Jasper finished his message and gave it to Medea, who hovered by the door. “Take this out, please, as soon as you can. Tell the fisherman it’s urgent.’
She nodded and hurried away.
Mrs Ramsforth said, “What do you think? Am I guilty?” Her voice was rising again as if she edged close to new hysteria.
Jasper went over and took her hand in his. “I don’t know who killed your mother. Or what happened to your father. We’ll find out together. Just lie down now and have a rest.”
She let herself fall backwards on the bed, staring up at the ceiling with wide, frightened eyes. He couldn’t blame her. He also worried her father had not died in that train accident.
Not by execution, either.
But right here near the hotel.
Driven off the cliffs into death by an angry mob.
Buried in a cemetery without even a name to mark his grave.
* * *
“But that is not logical at all,” Mrs Murray said in her pleasant, no-nonsense tone. Jasper had felt obliged to tell her what he had found out and suspected, to impress the urgency of the matter upon her. She glanced back at the bed on which Mrs Ramsforth lay with her eyes closed. Mrs Murray continued, in a whisper, “If Mrs Ramsforth saw her father bent over her mother’s body, would she not have recognised him? She says she saw the face of the young man quite well. Mentioning how afraid he looked. No, he can’t have been her father.”
Jasper felt a momentary relief, then the full force of the matter fell on him again. “It can’t be a coincidence,” he said. “Her coming here to the very place where her mother was murdered.”
“But she herself had no idea. Her mother died twenty-five years ago, she was raised by an aunt who didn’t tell her a thing. Who even lied to her about her parents. How can anyone have known to be able to bring her out here?”
She tapped his arm. “You’re probably suspicious of the husband. You think he had evil designs on her from the start.”

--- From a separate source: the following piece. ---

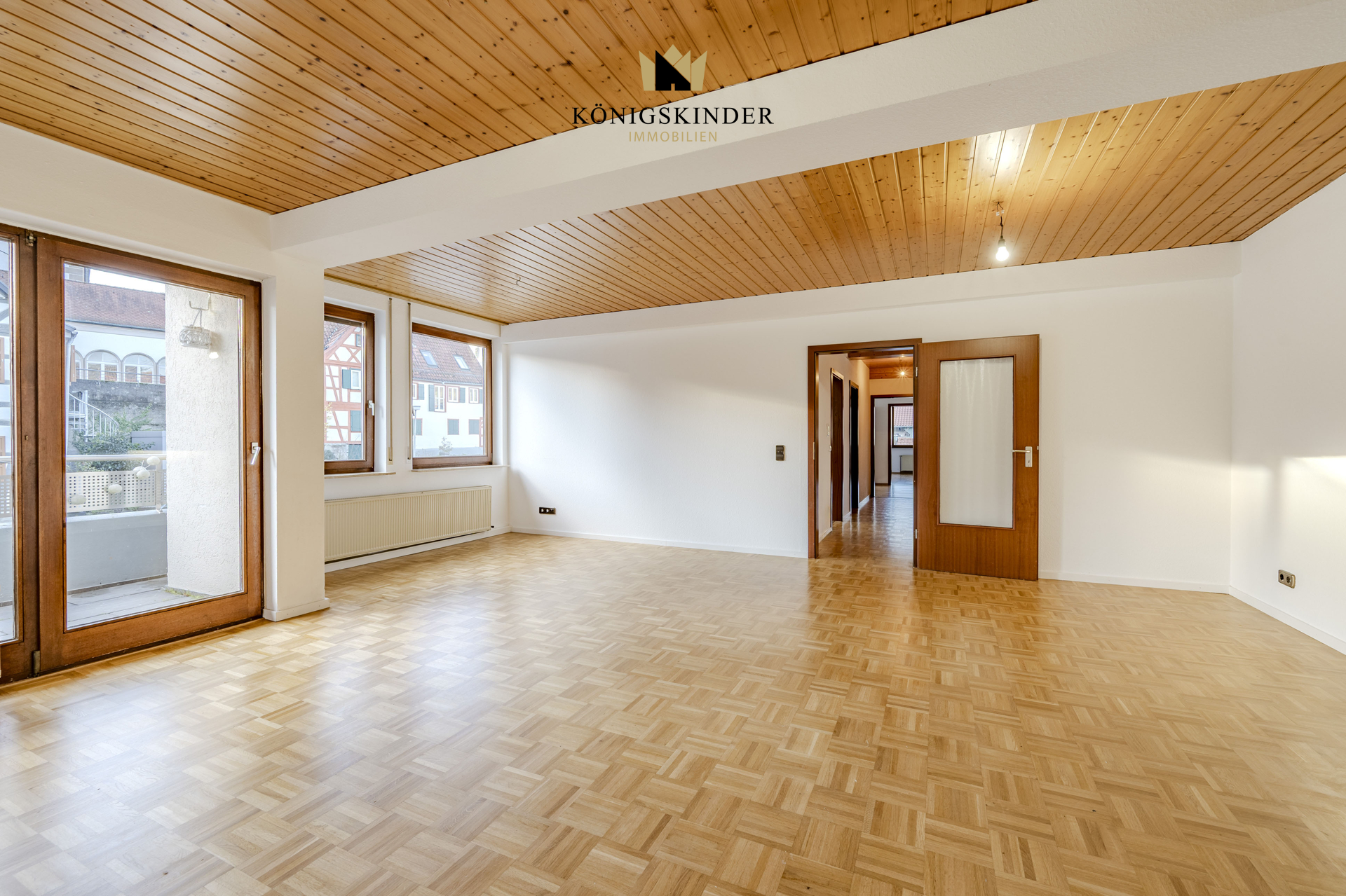 Ergänzt wird das Ensemble durch einen Anbau aus dem Jahr 1980, der funktionale Gewerbeflächen und großzügigen Wohnraum vereint. Besonders die leerstehenden Wohnungen – darunter ein modernes Dachgeschoss-Appartement mit Einbauküche, zeitgemäßem Bad und Dachterrasse – bieten hervorragende Voraussetzungen für eine wertorientierte Weiterentwicklung.

Jasper couldn’t and wouldn’t tell her about the money so he said nothing.
She shook her head. “I think he’s a very nice young man who has just been thrust into something bigger than himself. Imagine going on your honeymoon and then experiencing all of these odd things. They are both a victim of the situation.”
Jasper didn’t agree with her. He was
certain that Teddy Ramsforth had known something. Coincidences like these just didn’t exist.
Via the aunt?
But if she had kept the truth from Damaris, why would she have told it to Ramsforth? That made no sense at all.

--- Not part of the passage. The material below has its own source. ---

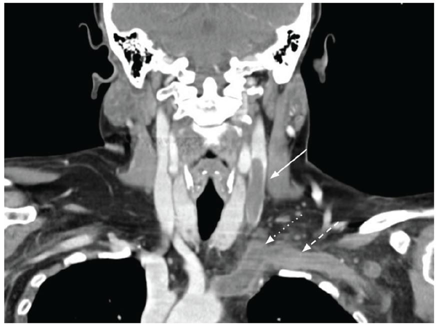 Figura 1: Corte coronal de TC evidenciando volumoso trombo na veia jugular interna (seta cheia), com extensão ao tronco braquiocefálico (seta em picotado) e veia subclávia (seta em tracejado).

Unless he had somehow lied to her, in order to get her to confide in him.
He needed to talk to the aunt. As soon as possible.

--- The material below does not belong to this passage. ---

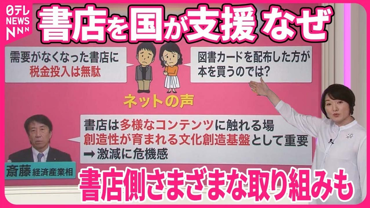 厳しい経営を迫られ、街から消えていく書店。現状に危機感を持った経済産業省が、「書店振興プロジェクトチーム」を立ち上げて支援に乗り出します。電子出版物が増える中、紙やリアル店舗ならではの魅力もあります。書店では多彩な取り組みが始まっています。 (2024年3月6日放送「news every.」より)

“Jasper!” A voice calling for him made him swing round. Kyrioudis stood at the reception desk gesturing for him to come over. He took his leave of Mrs Murray, urging her to keep the door shut and not let anyone near Mrs Ramsforth. Then he rushed over to the translator.
Kyrioudis looked positively appalled. “Another death,” he said in a low voice. “This is getting completely out of hand.”
Jasper’s mind raced to predict who it would be. “Petros?” he guessed. The old man had obviously known more than he was telling. And Kyrioudis himself had been the one to know this as he had dishonestly translated his words.
Kyrioudis shook his head. “It’s probably unrelated to the case. But I thought you should know. We never have suspicious deaths here and now two in a row…” He clicked his tongue. “My brother will not be happy.”
“Who died then?”
“A petty thief. Judging by the contents of his pockets. A scourge for the tourists so we should be happy he died.”
“How did he die?”
“Clubbed over the head. Could have been done with a rock. Then the killer tossed it into the sea.”
“It happened near the water?”
“There is a lot of water around this island,” Kyrioudis said with grim humour. “It happened at the other boat dock. It lies a mile away from the harbour.”
“Did anyone see it happen?”
“No, the dock is only used in early morning when the fishermen go out and when they come back. It’s quiet there most of the time.”
“Too bad. I think I know the man you mean. I took back something he had appropriated. Short, wiry man with a ferret-like face—?”